Source data:
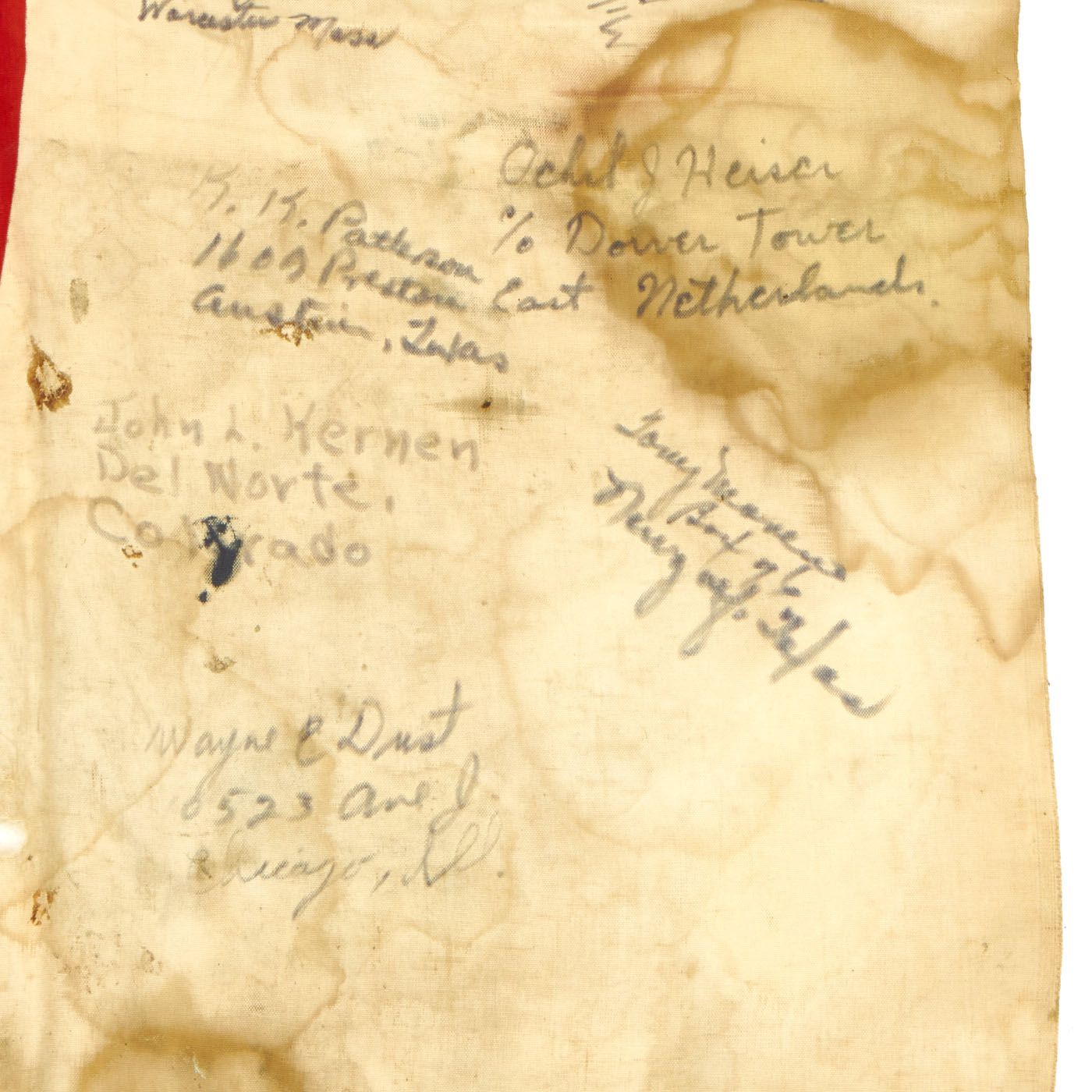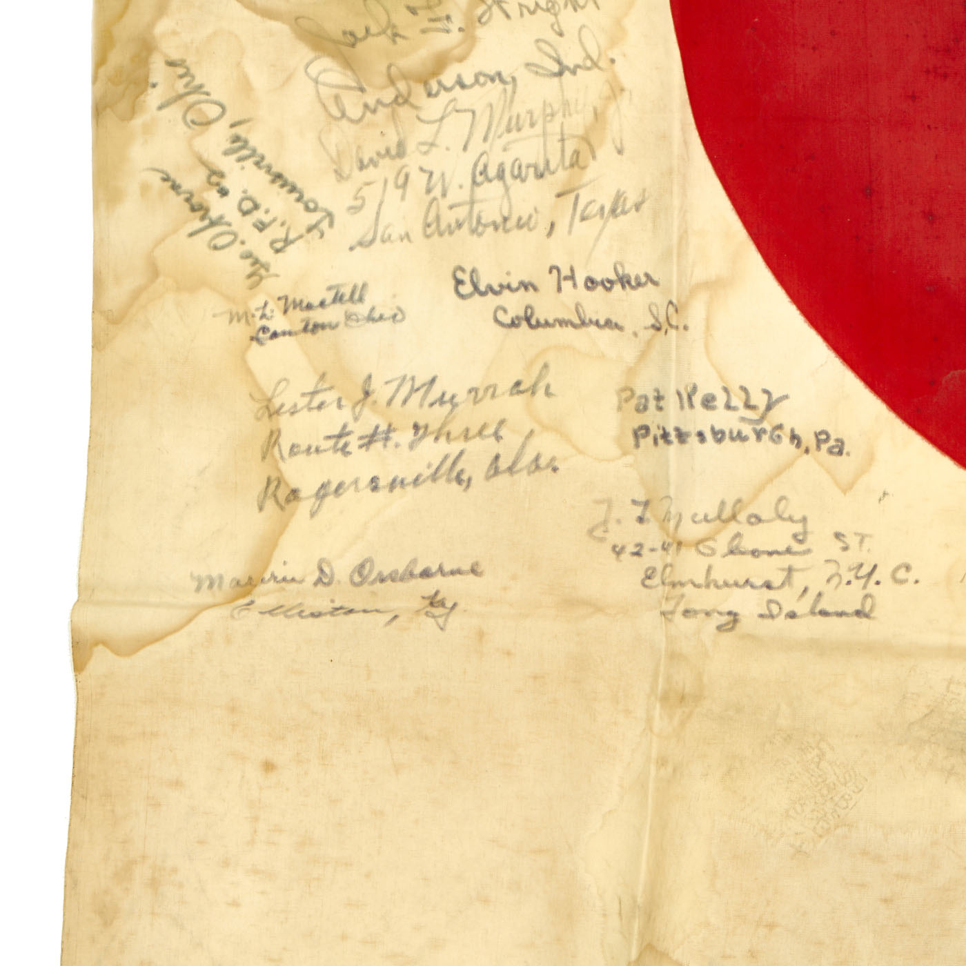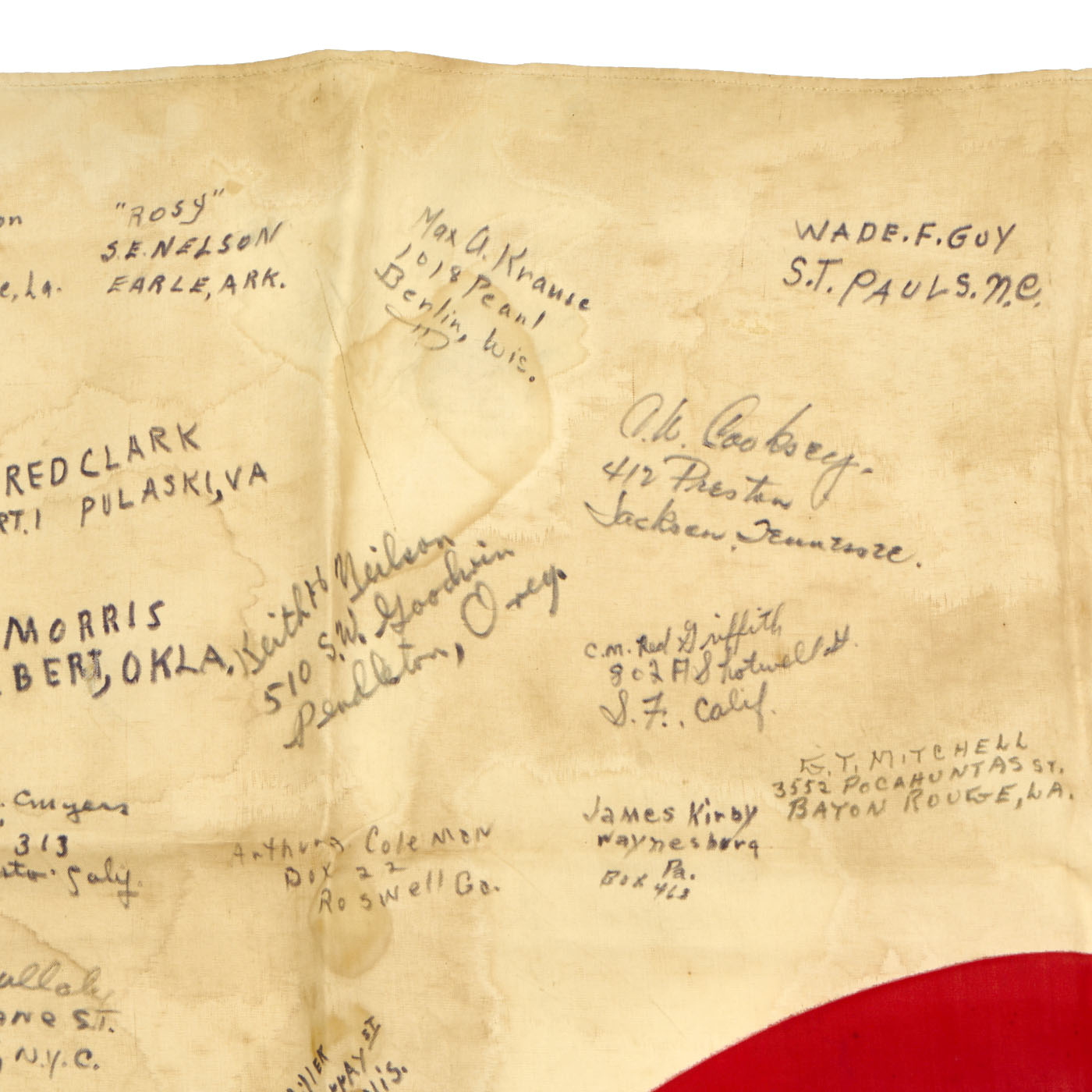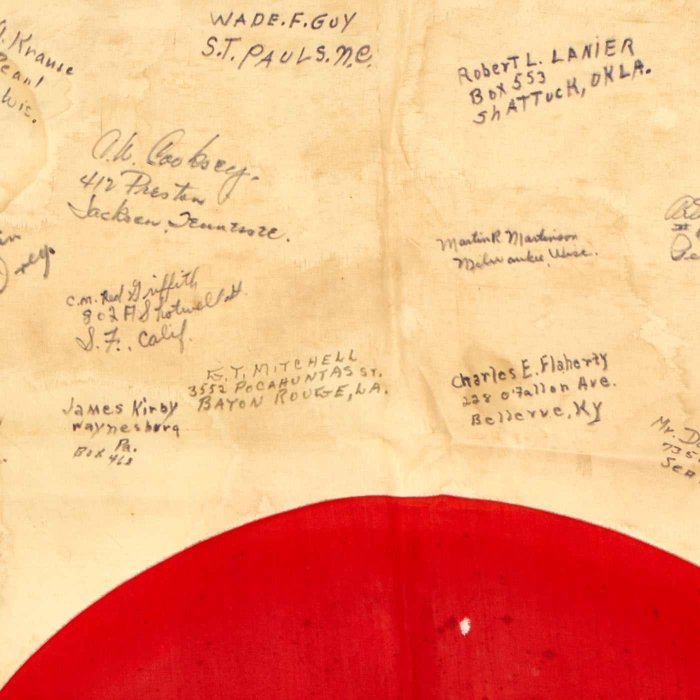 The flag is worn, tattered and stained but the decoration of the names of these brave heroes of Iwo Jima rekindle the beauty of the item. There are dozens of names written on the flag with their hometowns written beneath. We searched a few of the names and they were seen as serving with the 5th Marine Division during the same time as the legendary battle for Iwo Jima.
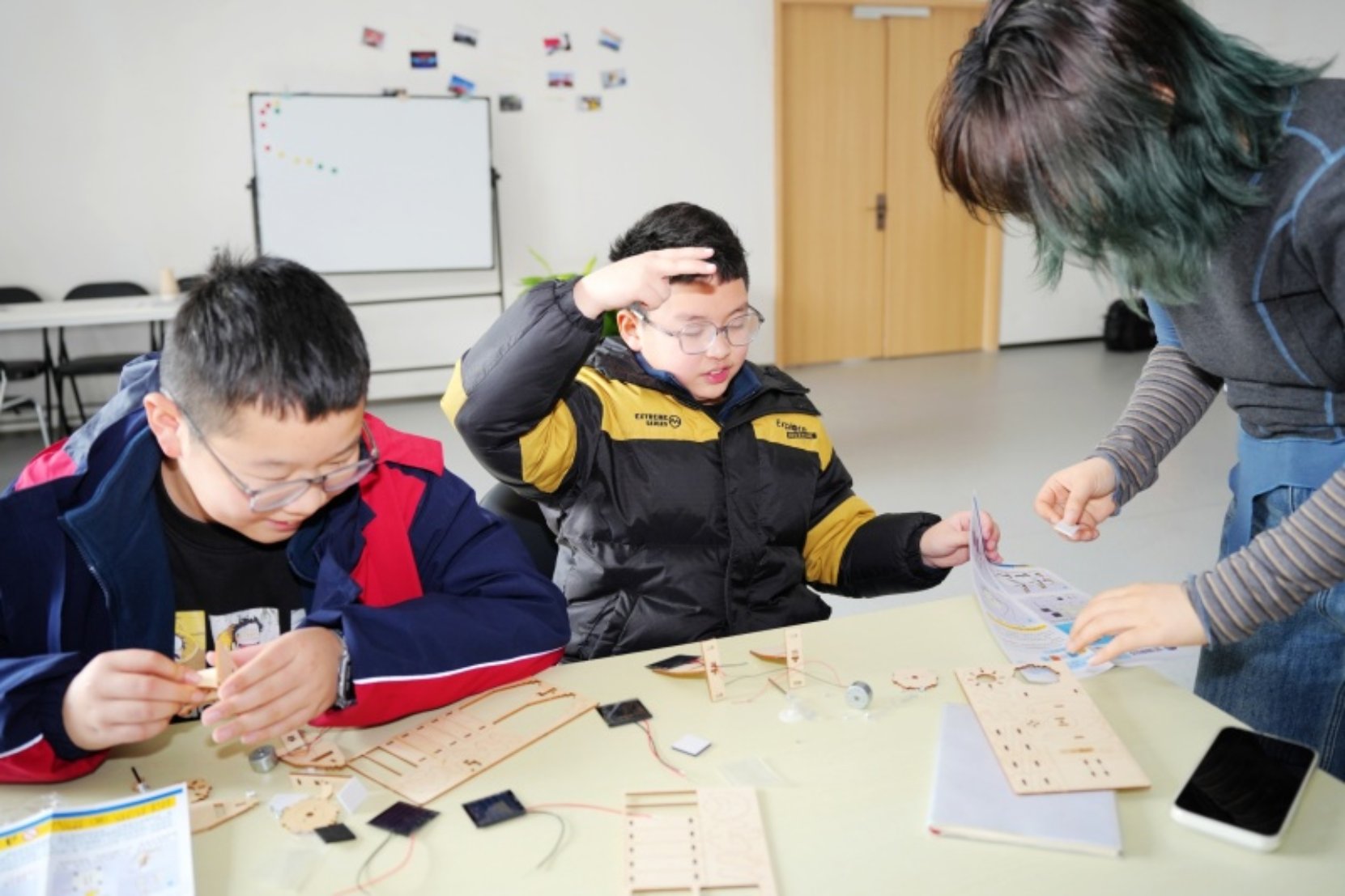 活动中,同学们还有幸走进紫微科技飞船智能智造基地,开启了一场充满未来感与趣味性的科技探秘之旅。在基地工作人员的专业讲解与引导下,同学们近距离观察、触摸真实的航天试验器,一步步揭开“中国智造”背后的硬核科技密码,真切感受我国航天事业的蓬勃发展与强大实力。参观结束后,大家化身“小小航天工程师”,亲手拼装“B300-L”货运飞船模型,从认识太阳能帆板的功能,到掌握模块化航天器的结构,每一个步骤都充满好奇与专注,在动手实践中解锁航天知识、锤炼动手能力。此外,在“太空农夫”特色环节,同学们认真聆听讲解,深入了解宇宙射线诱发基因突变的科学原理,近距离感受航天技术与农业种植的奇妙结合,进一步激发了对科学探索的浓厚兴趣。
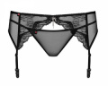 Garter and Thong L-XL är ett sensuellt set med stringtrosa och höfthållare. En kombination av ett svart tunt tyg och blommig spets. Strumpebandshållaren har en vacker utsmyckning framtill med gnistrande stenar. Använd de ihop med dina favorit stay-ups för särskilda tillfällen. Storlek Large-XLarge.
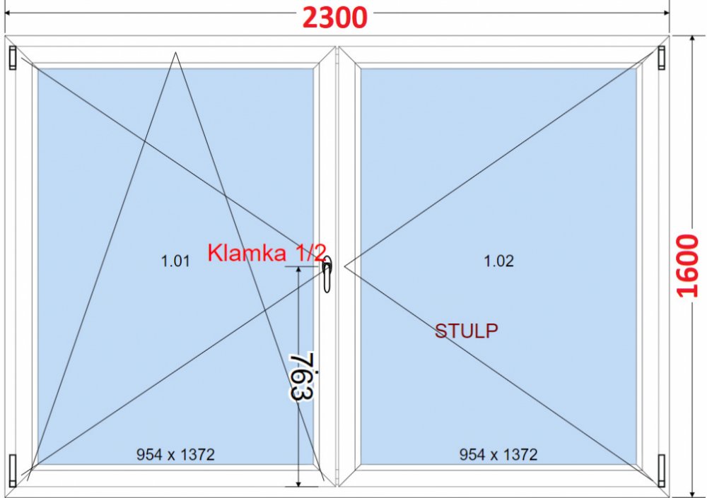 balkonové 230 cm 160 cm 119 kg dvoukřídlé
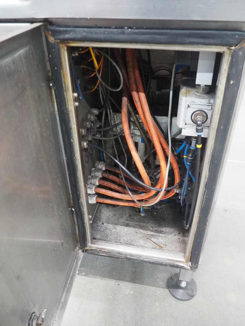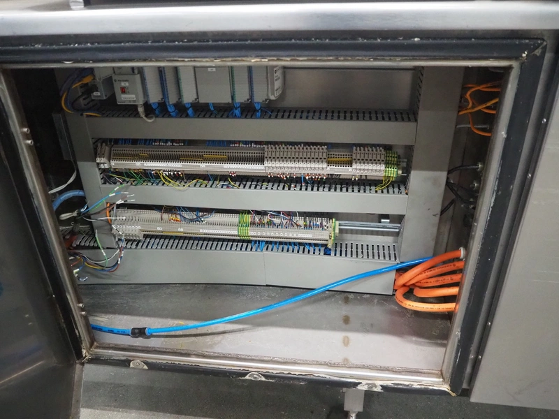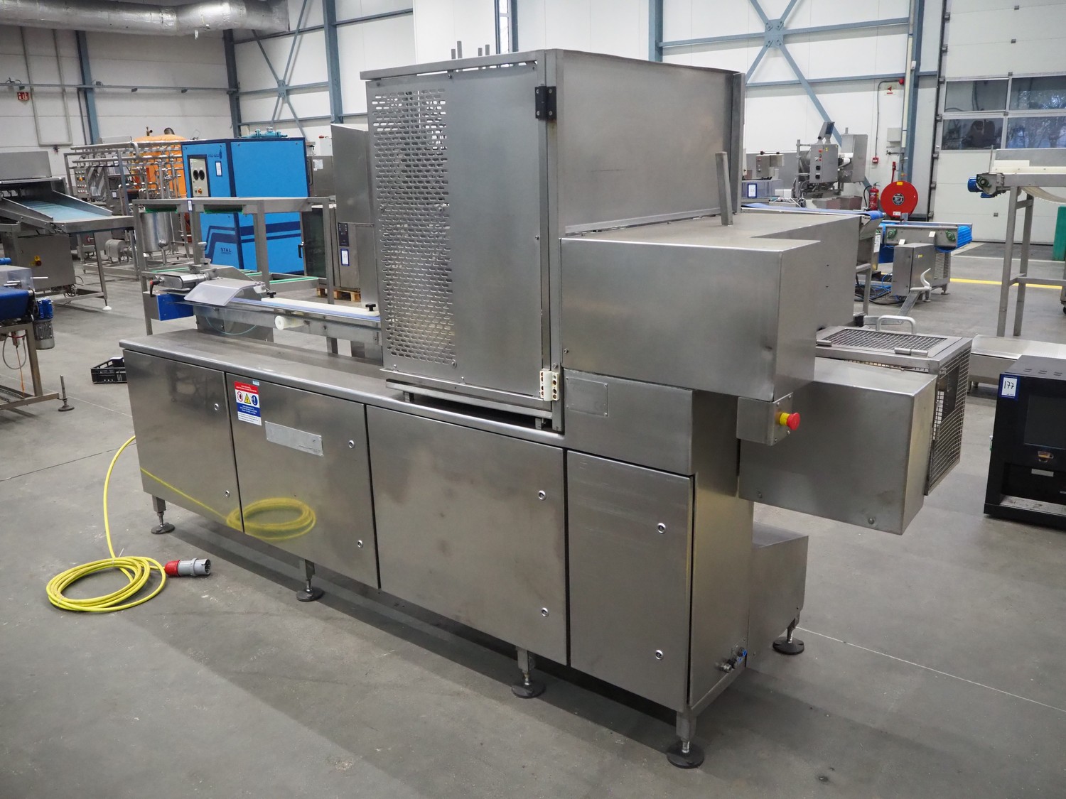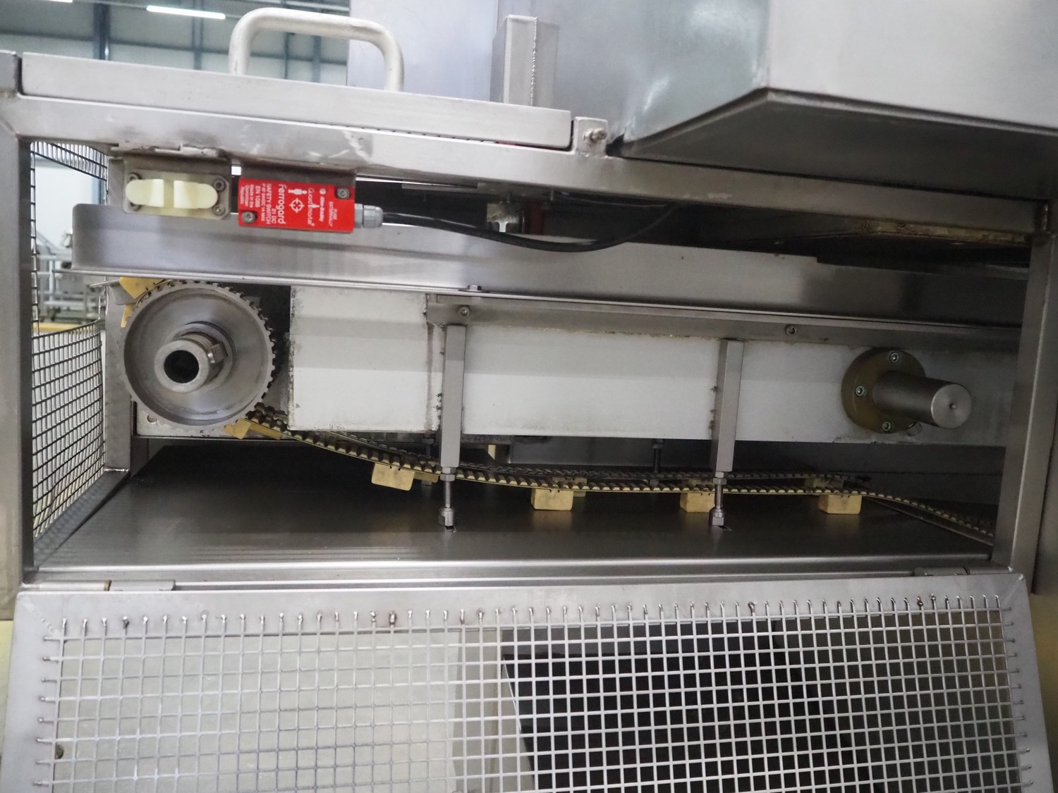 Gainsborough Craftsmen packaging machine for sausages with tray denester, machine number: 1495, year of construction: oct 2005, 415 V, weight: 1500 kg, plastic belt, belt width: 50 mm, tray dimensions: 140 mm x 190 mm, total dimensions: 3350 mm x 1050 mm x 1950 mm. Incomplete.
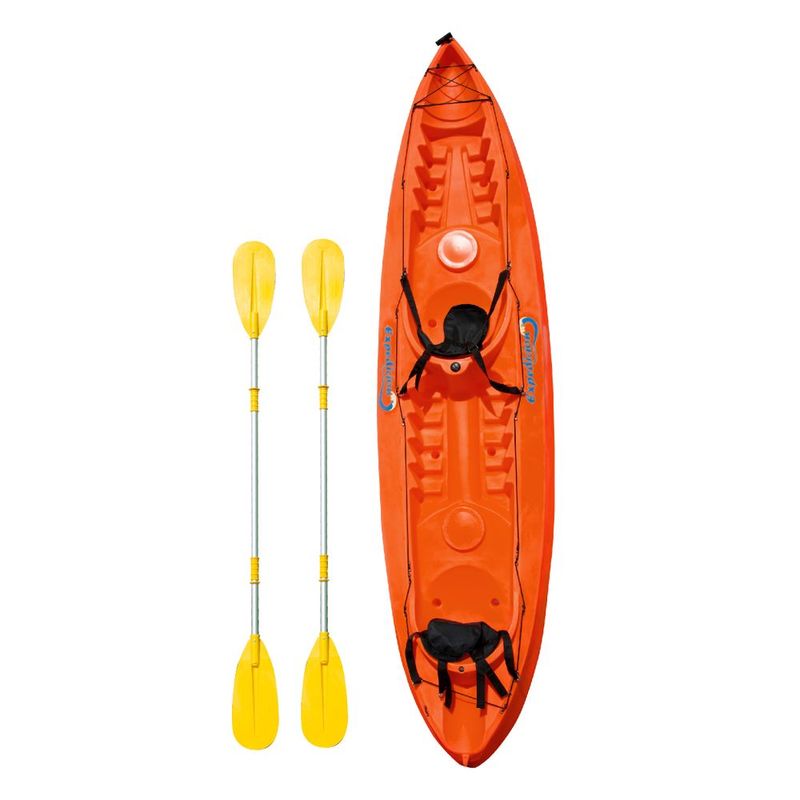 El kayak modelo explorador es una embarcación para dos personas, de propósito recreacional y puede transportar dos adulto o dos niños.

Directions for this task:
The answer is to be the lines of the listing from the first through the one with "balkonové 230 cm 160 cm 119 kg dvoukřídlé", reproduced exactly, without any pictures.

Answer space:
 The flag is worn, tattered and stained but the decoration of the names of these brave heroes of Iwo Jima rekindle the beauty of the item. There are dozens of names written on the flag with their hometowns written beneath. We searched a few of the names and they were seen as serving with the 5th Marine Division during the same time as the legendary battle for Iwo Jima.
 活动中,同学们还有幸走进紫微科技飞船智能智造基地,开启了一场充满未来感与趣味性的科技探秘之旅。在基地工作人员的专业讲解与引导下,同学们近距离观察、触摸真实的航天试验器,一步步揭开“中国智造”背后的硬核科技密码,真切感受我国航天事业的蓬勃发展与强大实力。参观结束后,大家化身“小小航天工程师”,亲手拼装“B300-L”货运飞船模型,从认识太阳能帆板的功能,到掌握模块化航天器的结构,每一个步骤都充满好奇与专注,在动手实践中解锁航天知识、锤炼动手能力。此外,在“太空农夫”特色环节,同学们认真聆听讲解,深入了解宇宙射线诱发基因突变的科学原理,近距离感受航天技术与农业种植的奇妙结合,进一步激发了对科学探索的浓厚兴趣。
 Garter and Thong L-XL är ett sensuellt set med stringtrosa och höfthållare. En kombination av ett svart tunt tyg och blommig spets. Strumpebandshållaren har en vacker utsmyckning framtill med gnistrande stenar. Använd de ihop med dina favorit stay-ups för särskilda tillfällen. Storlek Large-XLarge.
 balkonové 230 cm 160 cm 119 kg dvoukřídlé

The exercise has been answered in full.